● Material to process:
□ □ □ □ □
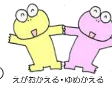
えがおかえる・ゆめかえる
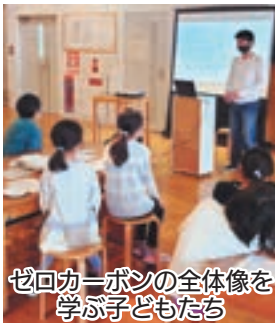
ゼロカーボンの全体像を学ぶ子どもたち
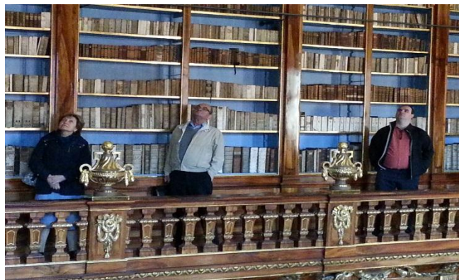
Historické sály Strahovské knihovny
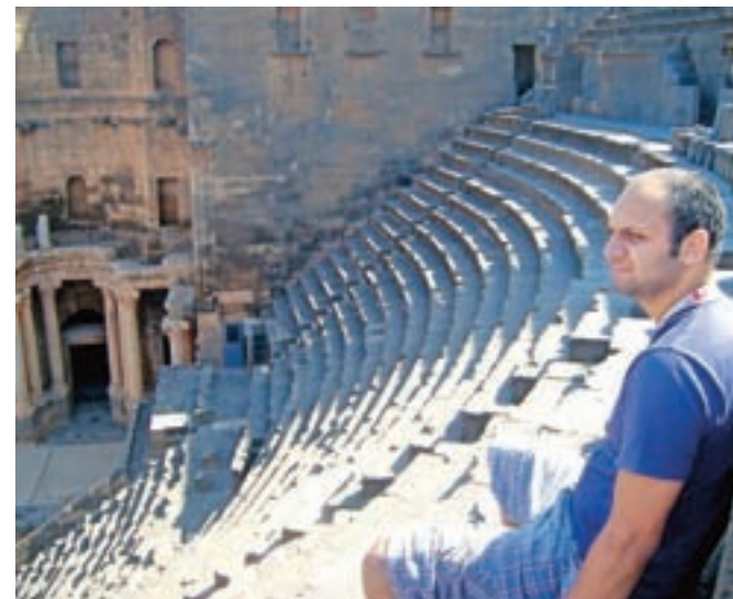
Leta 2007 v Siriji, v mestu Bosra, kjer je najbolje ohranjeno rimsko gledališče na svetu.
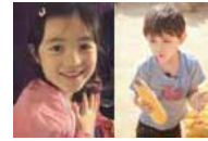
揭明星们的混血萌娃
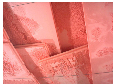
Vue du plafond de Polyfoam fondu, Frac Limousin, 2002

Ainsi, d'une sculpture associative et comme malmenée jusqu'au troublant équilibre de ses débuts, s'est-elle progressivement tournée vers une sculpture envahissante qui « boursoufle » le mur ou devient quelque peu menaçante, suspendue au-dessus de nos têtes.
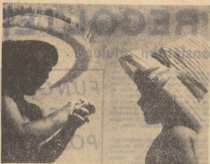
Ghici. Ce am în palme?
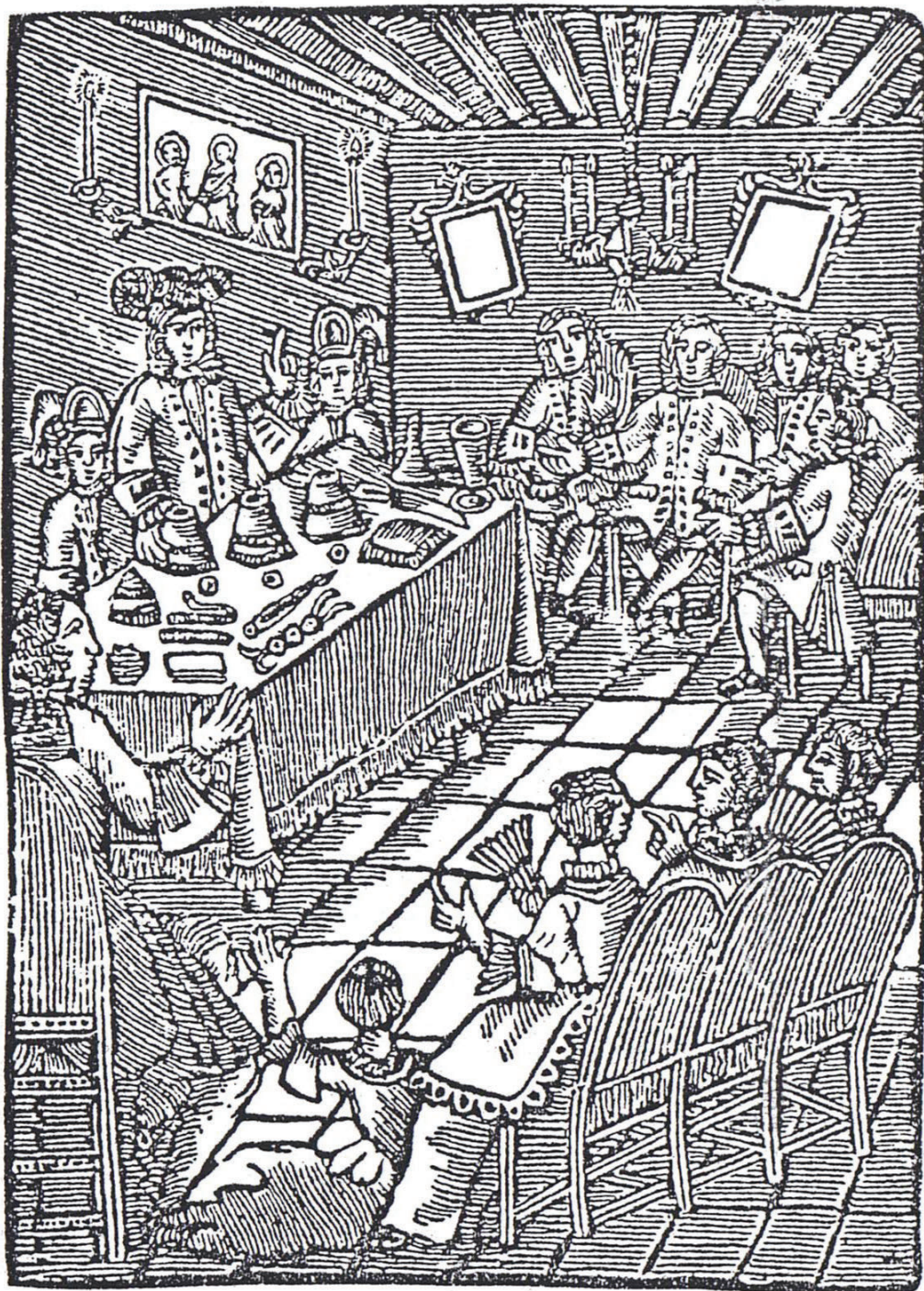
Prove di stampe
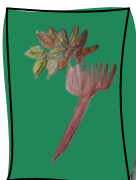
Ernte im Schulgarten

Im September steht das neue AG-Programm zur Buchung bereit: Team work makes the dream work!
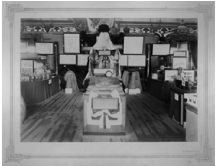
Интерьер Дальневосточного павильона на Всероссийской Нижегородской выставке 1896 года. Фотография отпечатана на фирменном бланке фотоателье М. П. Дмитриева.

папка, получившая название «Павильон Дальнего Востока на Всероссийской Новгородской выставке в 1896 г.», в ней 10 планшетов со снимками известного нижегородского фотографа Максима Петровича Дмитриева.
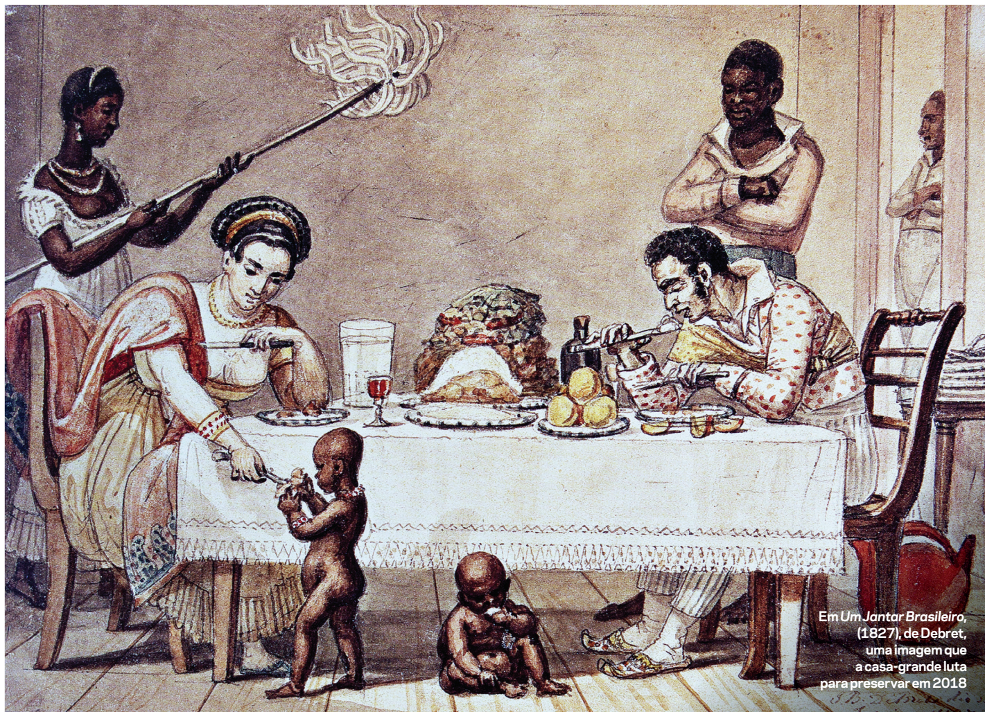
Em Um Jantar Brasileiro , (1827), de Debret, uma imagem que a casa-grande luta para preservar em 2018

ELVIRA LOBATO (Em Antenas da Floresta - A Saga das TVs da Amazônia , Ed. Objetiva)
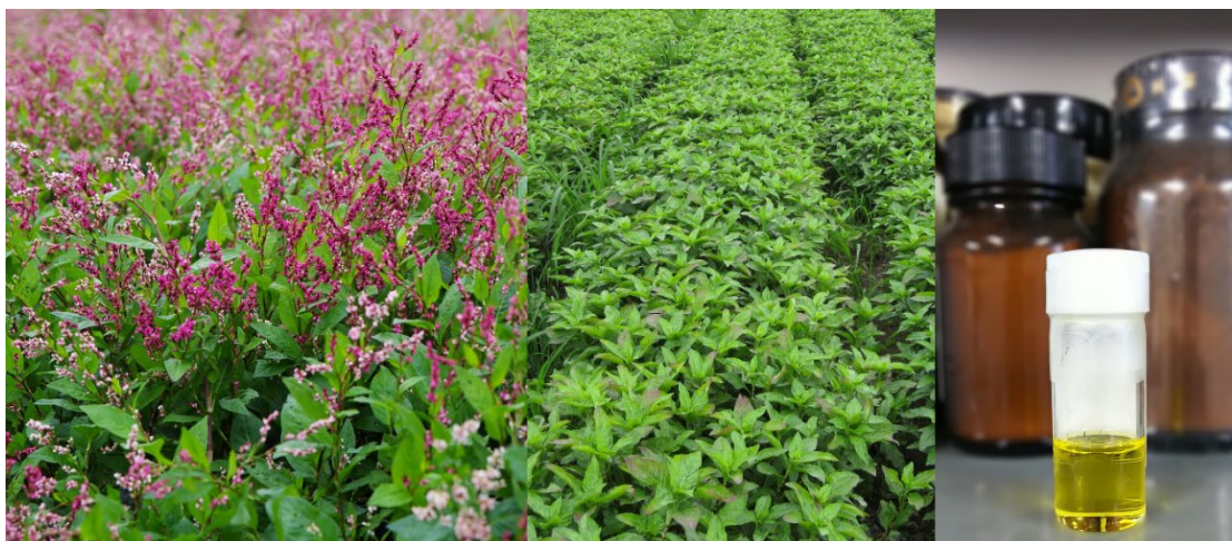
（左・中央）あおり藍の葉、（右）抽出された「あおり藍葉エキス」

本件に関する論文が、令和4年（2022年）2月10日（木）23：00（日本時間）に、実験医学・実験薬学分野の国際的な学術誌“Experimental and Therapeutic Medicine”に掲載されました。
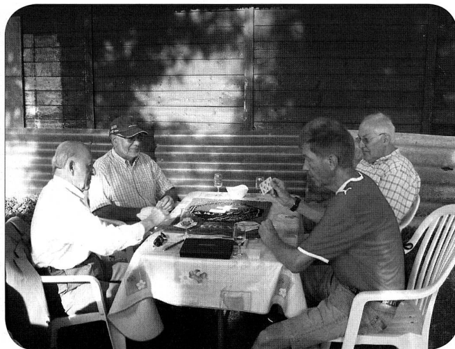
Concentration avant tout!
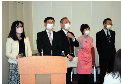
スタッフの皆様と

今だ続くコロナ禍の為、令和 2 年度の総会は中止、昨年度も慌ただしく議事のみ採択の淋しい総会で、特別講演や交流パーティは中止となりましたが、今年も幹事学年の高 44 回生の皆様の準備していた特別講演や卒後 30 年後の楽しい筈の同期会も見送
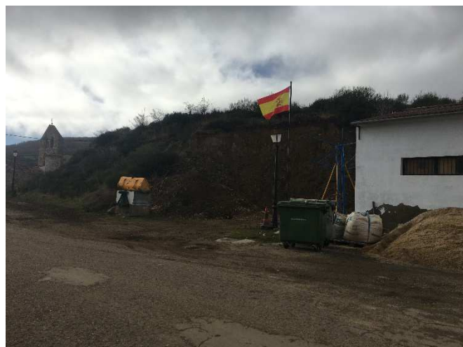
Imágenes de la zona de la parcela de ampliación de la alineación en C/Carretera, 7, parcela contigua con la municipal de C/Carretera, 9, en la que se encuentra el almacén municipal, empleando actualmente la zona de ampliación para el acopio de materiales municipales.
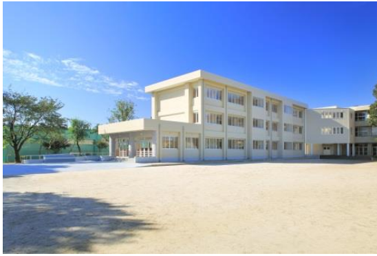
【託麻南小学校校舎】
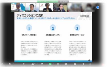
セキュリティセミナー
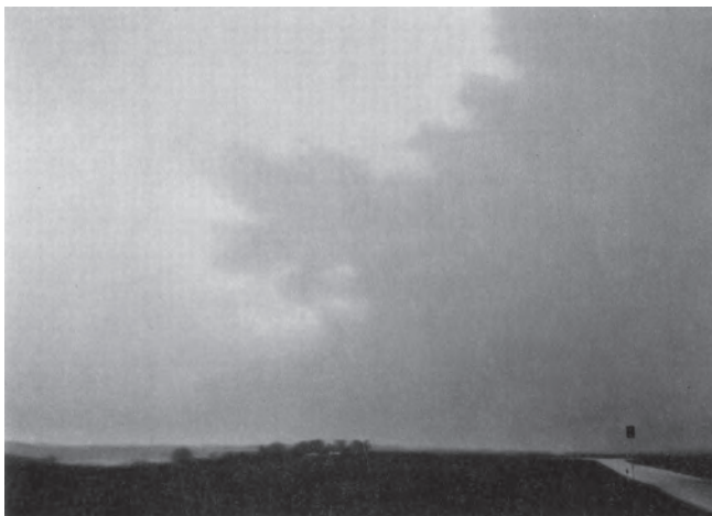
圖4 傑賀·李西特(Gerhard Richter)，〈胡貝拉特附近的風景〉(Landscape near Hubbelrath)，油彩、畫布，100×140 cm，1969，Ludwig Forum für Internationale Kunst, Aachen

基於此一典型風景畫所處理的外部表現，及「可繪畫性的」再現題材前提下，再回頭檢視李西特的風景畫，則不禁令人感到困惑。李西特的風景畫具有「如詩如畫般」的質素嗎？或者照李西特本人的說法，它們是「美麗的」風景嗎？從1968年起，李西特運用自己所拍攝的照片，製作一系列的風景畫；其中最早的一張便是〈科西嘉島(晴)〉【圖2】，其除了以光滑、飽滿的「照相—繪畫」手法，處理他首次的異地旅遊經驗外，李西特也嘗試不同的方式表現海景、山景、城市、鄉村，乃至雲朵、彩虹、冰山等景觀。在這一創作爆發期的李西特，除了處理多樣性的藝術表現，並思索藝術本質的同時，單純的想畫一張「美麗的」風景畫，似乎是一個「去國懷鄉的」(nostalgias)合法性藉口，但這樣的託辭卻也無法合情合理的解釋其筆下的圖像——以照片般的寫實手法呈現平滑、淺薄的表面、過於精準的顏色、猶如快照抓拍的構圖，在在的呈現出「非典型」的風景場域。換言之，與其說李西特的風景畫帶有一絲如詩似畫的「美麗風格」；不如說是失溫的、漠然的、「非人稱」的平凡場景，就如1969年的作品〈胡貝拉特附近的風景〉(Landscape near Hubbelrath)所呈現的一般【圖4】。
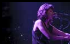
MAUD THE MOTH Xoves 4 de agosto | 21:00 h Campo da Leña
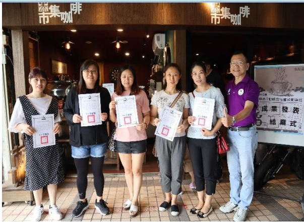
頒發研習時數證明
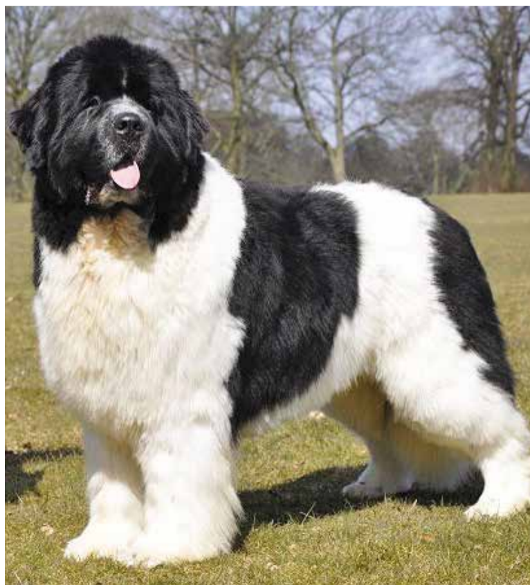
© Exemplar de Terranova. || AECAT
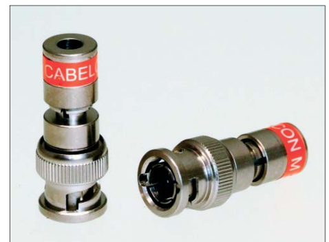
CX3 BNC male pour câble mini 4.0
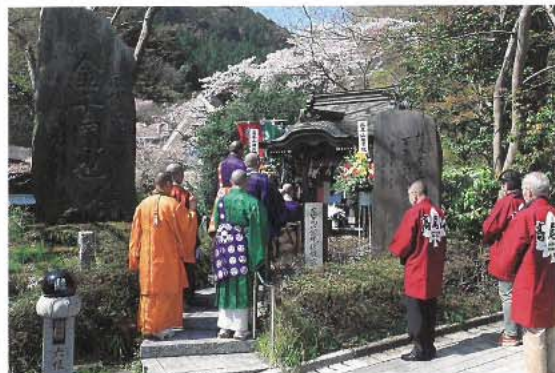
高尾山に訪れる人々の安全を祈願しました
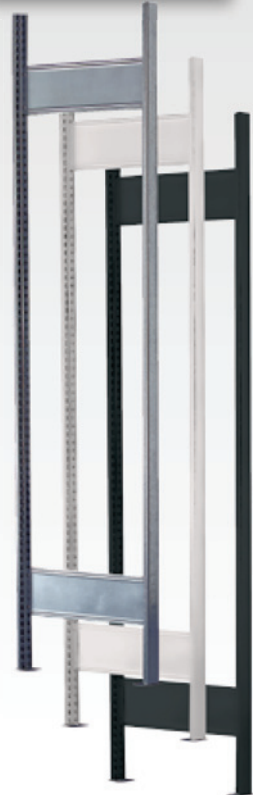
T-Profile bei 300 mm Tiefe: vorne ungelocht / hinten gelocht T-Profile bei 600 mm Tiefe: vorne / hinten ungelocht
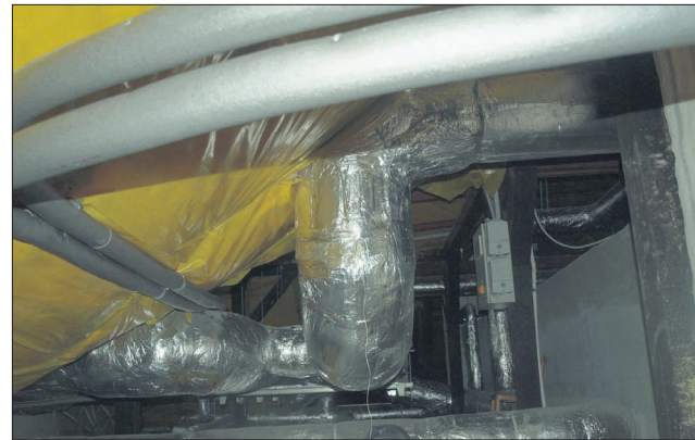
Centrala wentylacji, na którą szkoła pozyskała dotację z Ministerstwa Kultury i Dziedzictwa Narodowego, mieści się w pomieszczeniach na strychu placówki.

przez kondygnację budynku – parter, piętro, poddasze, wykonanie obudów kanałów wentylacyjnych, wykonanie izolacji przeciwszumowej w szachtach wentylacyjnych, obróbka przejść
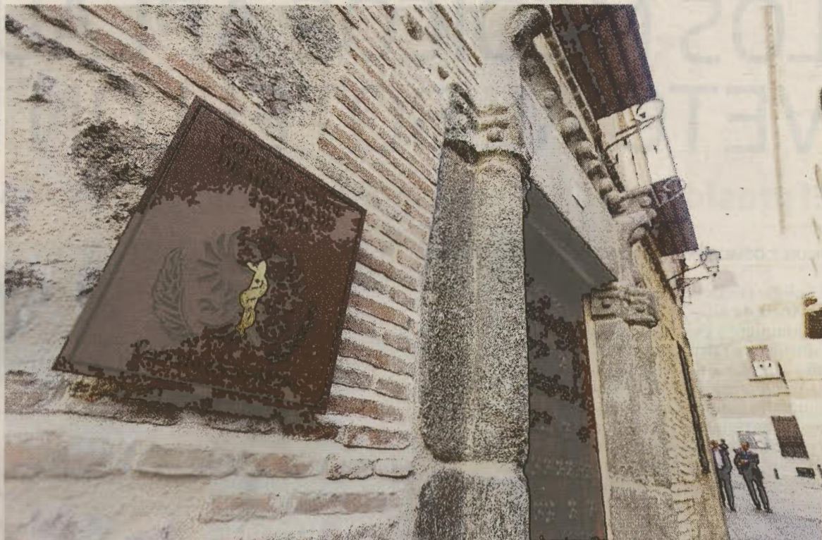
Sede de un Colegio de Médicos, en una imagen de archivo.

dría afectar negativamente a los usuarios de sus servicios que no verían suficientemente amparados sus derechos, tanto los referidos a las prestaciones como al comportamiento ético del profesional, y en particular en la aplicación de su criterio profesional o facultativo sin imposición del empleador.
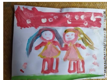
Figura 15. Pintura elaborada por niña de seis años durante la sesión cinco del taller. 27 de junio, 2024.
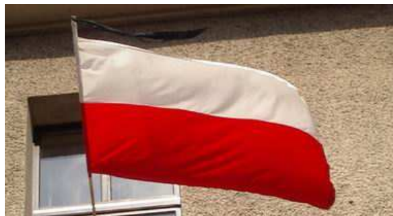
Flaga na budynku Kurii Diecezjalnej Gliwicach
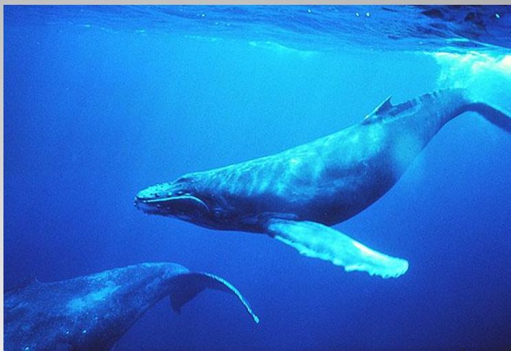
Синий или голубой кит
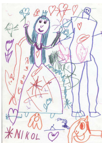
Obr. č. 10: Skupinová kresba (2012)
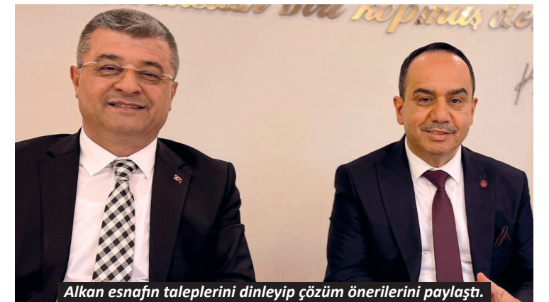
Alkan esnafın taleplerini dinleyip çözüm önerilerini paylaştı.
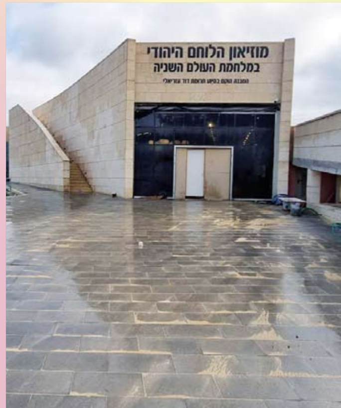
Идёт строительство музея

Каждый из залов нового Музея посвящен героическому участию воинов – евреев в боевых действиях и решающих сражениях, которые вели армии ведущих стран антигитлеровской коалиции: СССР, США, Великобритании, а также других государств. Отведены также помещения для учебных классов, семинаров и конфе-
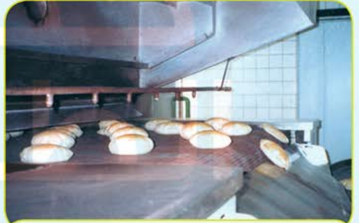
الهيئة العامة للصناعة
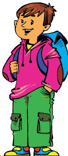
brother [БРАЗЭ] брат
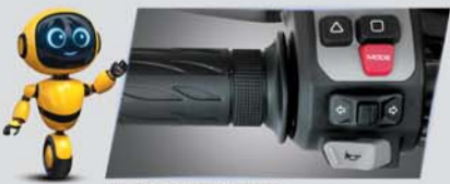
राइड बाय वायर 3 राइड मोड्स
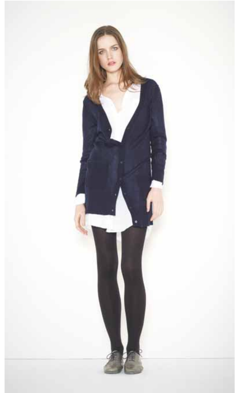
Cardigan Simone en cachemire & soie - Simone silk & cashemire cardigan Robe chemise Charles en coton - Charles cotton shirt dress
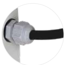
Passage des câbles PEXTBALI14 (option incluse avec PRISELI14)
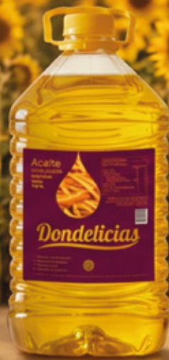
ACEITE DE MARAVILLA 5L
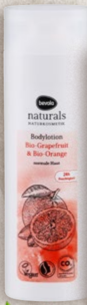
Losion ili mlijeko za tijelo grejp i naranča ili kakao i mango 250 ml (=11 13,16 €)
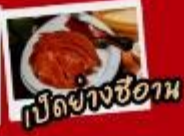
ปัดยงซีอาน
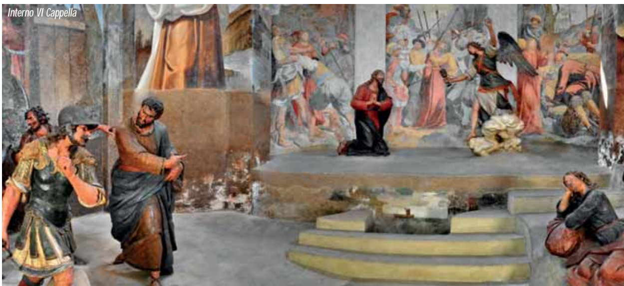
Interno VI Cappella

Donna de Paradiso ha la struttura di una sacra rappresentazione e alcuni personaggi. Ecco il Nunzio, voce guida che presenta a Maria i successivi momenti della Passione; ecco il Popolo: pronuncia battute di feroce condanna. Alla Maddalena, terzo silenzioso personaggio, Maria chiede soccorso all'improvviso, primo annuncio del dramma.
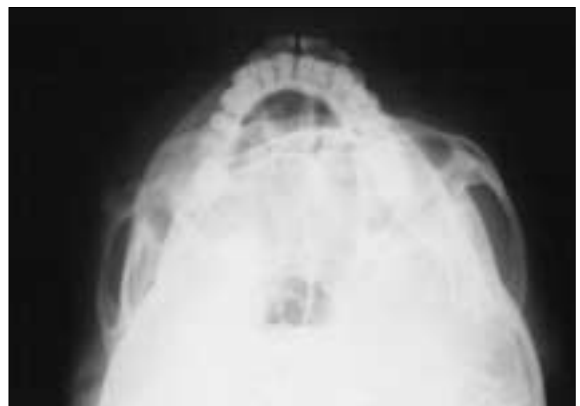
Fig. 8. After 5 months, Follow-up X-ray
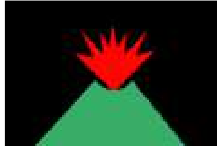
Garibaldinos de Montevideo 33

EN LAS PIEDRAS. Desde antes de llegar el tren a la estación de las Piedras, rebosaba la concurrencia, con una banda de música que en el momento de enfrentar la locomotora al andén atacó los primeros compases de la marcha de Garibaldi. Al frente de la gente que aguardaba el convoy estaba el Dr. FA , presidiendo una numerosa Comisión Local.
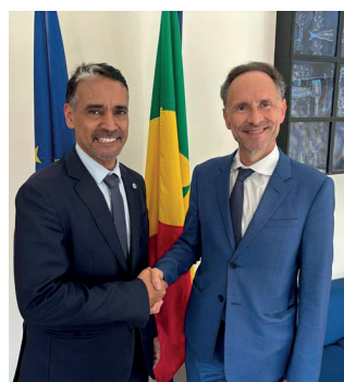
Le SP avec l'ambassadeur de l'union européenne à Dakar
□ □ □ □ □
● Your assignment: Leave out every picture, and copy exactly the lines above starting at the one holding "T-Profile bei 300" and ending at the one holding "Centrala wentylacji, na", no more and no less.

● Task solution:
T-Profile bei 300 mm Tiefe: vorne ungelocht / hinten gelocht T-Profile bei 600 mm Tiefe: vorne / hinten ungelocht
Centrala wentylacji, na którą szkoła pozyskała dotację z Ministerstwa Kultury i Dziedzictwa Narodowego, mieści się w pomieszczeniach na strychu placówki.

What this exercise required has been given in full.